| About this Abstract |
| Meeting |
2023 TMS Annual Meeting & Exhibition
|
| Symposium
|
Algorithm Development in Materials Science and Engineering
|
| Presentation Title |
Training Machine-learned Interatomic Potentials for Chemical Complexity - Application to Refractory CCAs |
| Author(s) |
Megan J. McCarthy, Jacob Startt, Remi Dingreville, Mitchell Wood |
| On-Site Speaker (Planned) |
Megan J. McCarthy |
| Abstract Scope |
Though machine-learned interatomic potentials (MLIAPs) have greatly improved the accuracy of molecular dynamics, there is still much to be learned in training models for chemical complexity. One important example is found in complex concentrated alloys (CCAs), which contain high concentrations of three or more metallic elements. While excellent progress has been made in generating CCA MLIAPs for single compositions, far less is understood about creating generalized transferable potentials for a range of compositions. This capability is critical to accurate large-scale modeling of CCAs, as chemical complexity can result in large variability in local properties. In this talk, we discuss development of MLIAPs for MoNbTaTi refractory CCAs designed for cross-compositional modeling, using a spectral neighbor analysis potential (SNAP).
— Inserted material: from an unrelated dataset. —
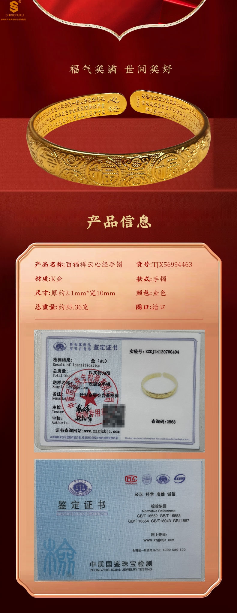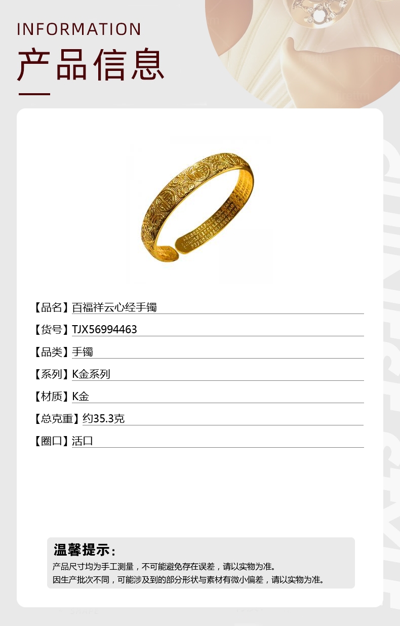 【品名】百福祥云心经手镯
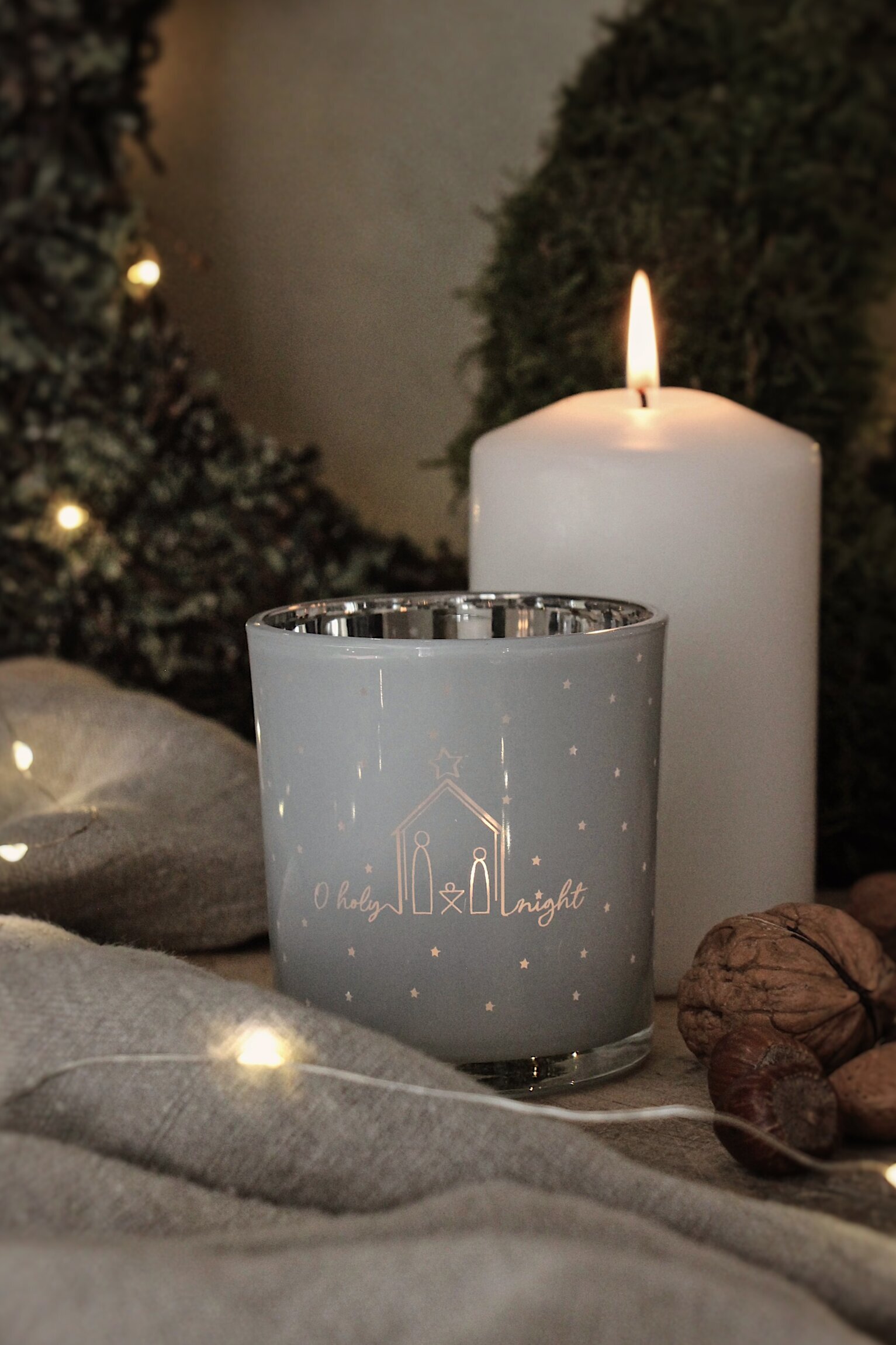 Underlaget består av en mjuk, grå textil som ger en känsla av komfort och värme. Denna mjuka bakgrund förstärker de varma tonerna i ljusen och bidrar till den övergripande lugnande atmosfären. På tyget ligger även några valnötter, lite slarvigt placerade, vilket ger en touch av naturlig enkelhet till bilden.

We describe new ways of quantifying chemical diversity in CCA data sets and explore how it affects mechanical and local-ordering phenomena. SNL is managed and operated by NTESS under DOE NNSA contract DE-NA0003525. |
| Proceedings Inclusion? |
Planned: |
| Keywords |
High-Entropy Alloys, Computational Materials Science & Engineering, Modeling and Simulation |